Coolな芸術を求めて 作:COOL!
まだやられてないのか・・・?
あなたは、
一口にヴィランと言いましても、いろんなタイプがいますね。
窃盗を繰り返すもの、快楽殺人鬼、戦闘狂・・・。
わたしはその中でも、猟奇殺人犯というやつに分類される敵なのです。
しかし、わたしは殺しを楽しんでいるわけではありません。
あくまで“素材”として使った結果、死んでしまうだけですから。
“cool”な作品のためには、人命など些細なものです。
同じような考えを持つ同志は世界中にいますよ?
KUNIEDA様、ギャシュリー様、ブレイディ様・・・。
まあ、今名前を挙げた方々は全員、もれなくタルタロスにいらっしゃるのですが。
KUNIEDA様は植物と死体を、ブレイディ様は拷問の様子を収めたテープを専門分野にしておられます。

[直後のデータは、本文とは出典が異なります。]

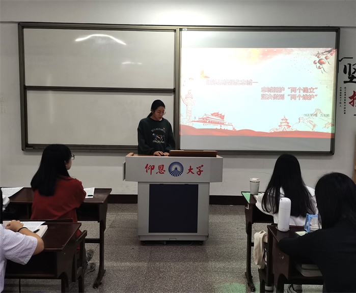5月8日,kaiyun开云官方网站学生党支部于普照203教室开展“忠诚拥护两个确立,坚决做到两个维护”和“坚持不懈用习近平新时代中国特色社会主义思想铸魂育人”读书分享会,会议由李佳妮主持,读书班全体学生党员参加此次活动。
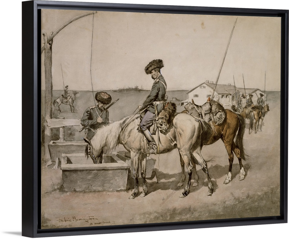 <p>Though he was born in New York, American artist Frederic Remington recreated scenes from the old American West. His canvas paintings and sketches were considered largely observational at the time and are now yielded as piece of American history.</p>
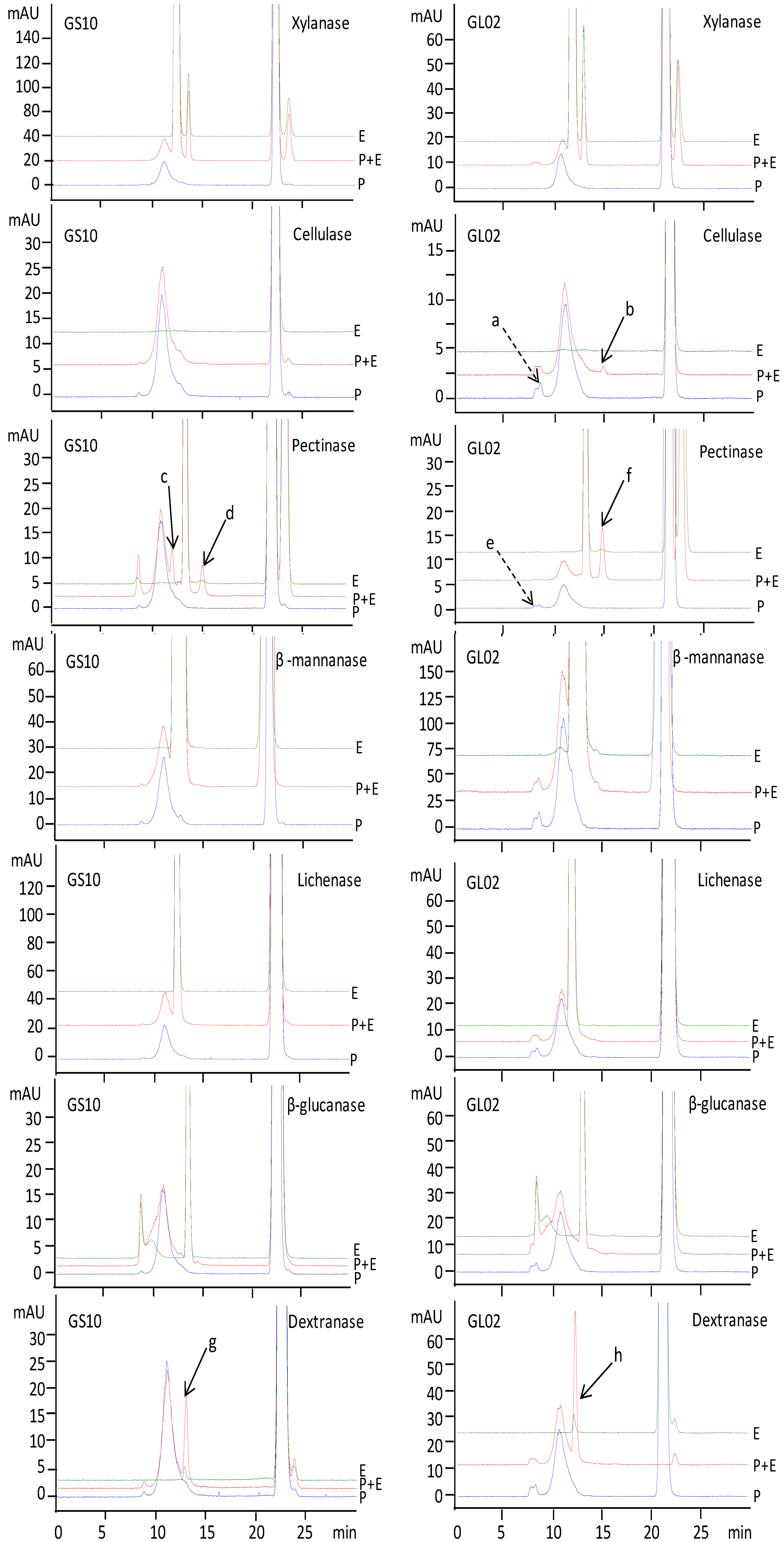 The results showed that xylanase, β-mannanase, lichenase and β-glucanase usually had no significant effect on polysaccharides from G. lucidum (GL02) and G. sinense (GS10), but pectinase (peak c, peak d and peak f) and dextranase (peak g and peak h) can certainly hydrolyze polysaccharides from GS10 and GL02. Cellulase also had an effect on polysaccharides from GL02 (peak a decreased and peak b present). The detailed responses of polysaccharides from G. sinense and G. lucidum to enzymatic digestion are summarized in Table 1. Polysaccharides from all samples of G. sinense and G. lucidum showed positive responses to enzymatic digestion. In addition, some samples had specific responses to cellulase (GL02 and GL13) and β-mannanase (GL01, GL07, GL10, GL11 and GL14).
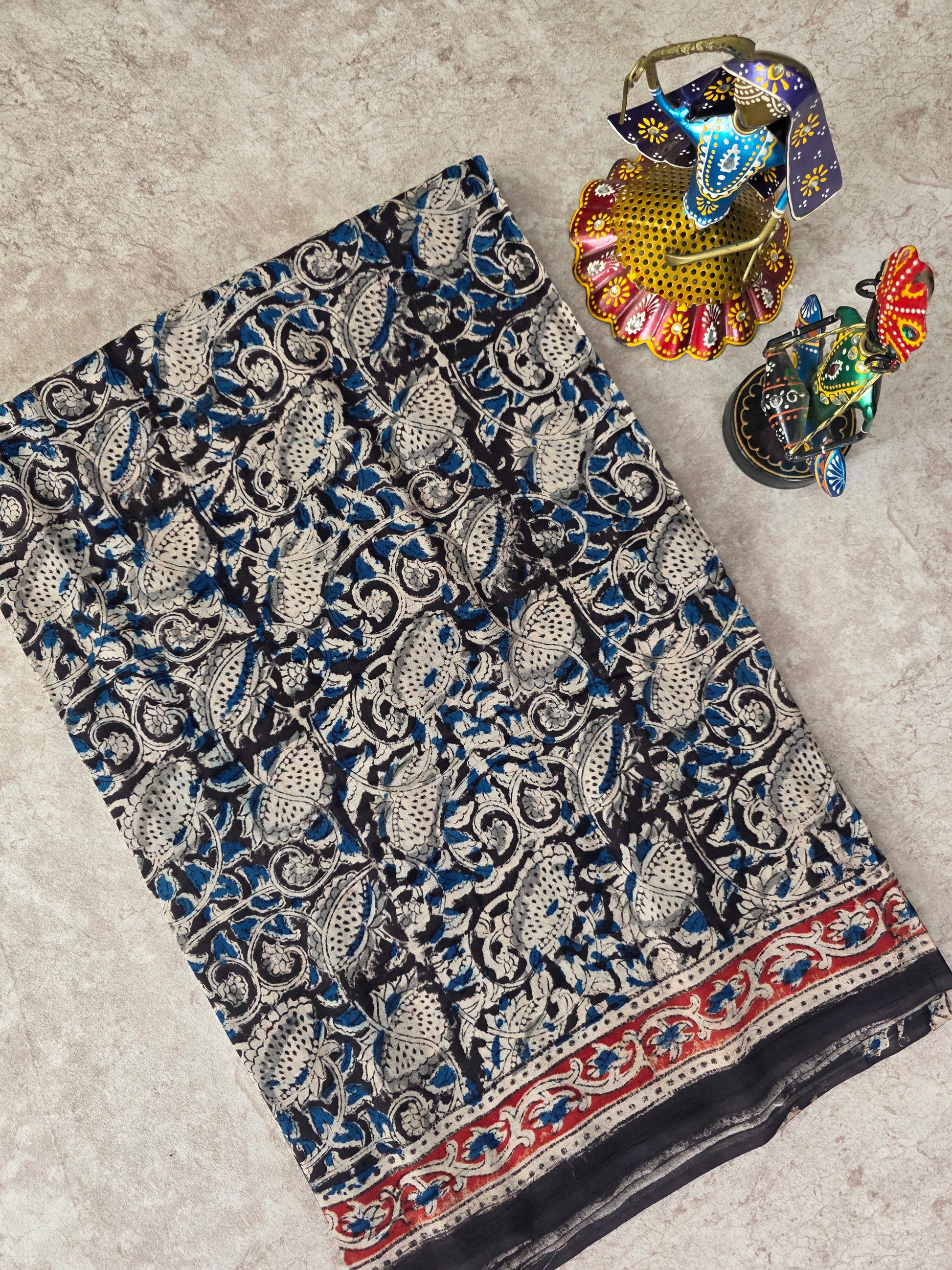 Genuine handblock kalamkari cotton saree accompanied by a matching blouse.

ギャシュリー様は・・・気分を悪くされるかもしれませんので、やめておきましょうか。
そしてわたしは、人体の組み換えを専門分野にしています。
あなたのような楽器にするだけでなく、椅子や机などの家具にもできるんですよ?
・・・さて。これであなたも、立派なピアノの仲間入りです。
ちょっと弾いてみましょうか・・・いい音ですね。
では、最後に1つ。
Are We Cool Yet?
都市伝説、というものをご存知だろうか。
口裂け女、八尺様、テケテケ・・・。
国や地域によって、様々なものが存在している。
この世界における都市伝説の1つに、『黒いドレスの女』というものが
『黒いドレスの女』は、その名の通り黒いドレスを着た女で、大人・子供問わずに攫ってしまうらしい。
路地裏を1人で歩いているとき。
家で留守番しているとき。
彼女はどこにでも現れる。
そして攫われた人は、生きたまま芸術作品の材料にされてしまうという。
長い間、都市伝説として子どもたちに恐れられてきたそれは、どうやら実在しているらしいということが、近年明らかになった。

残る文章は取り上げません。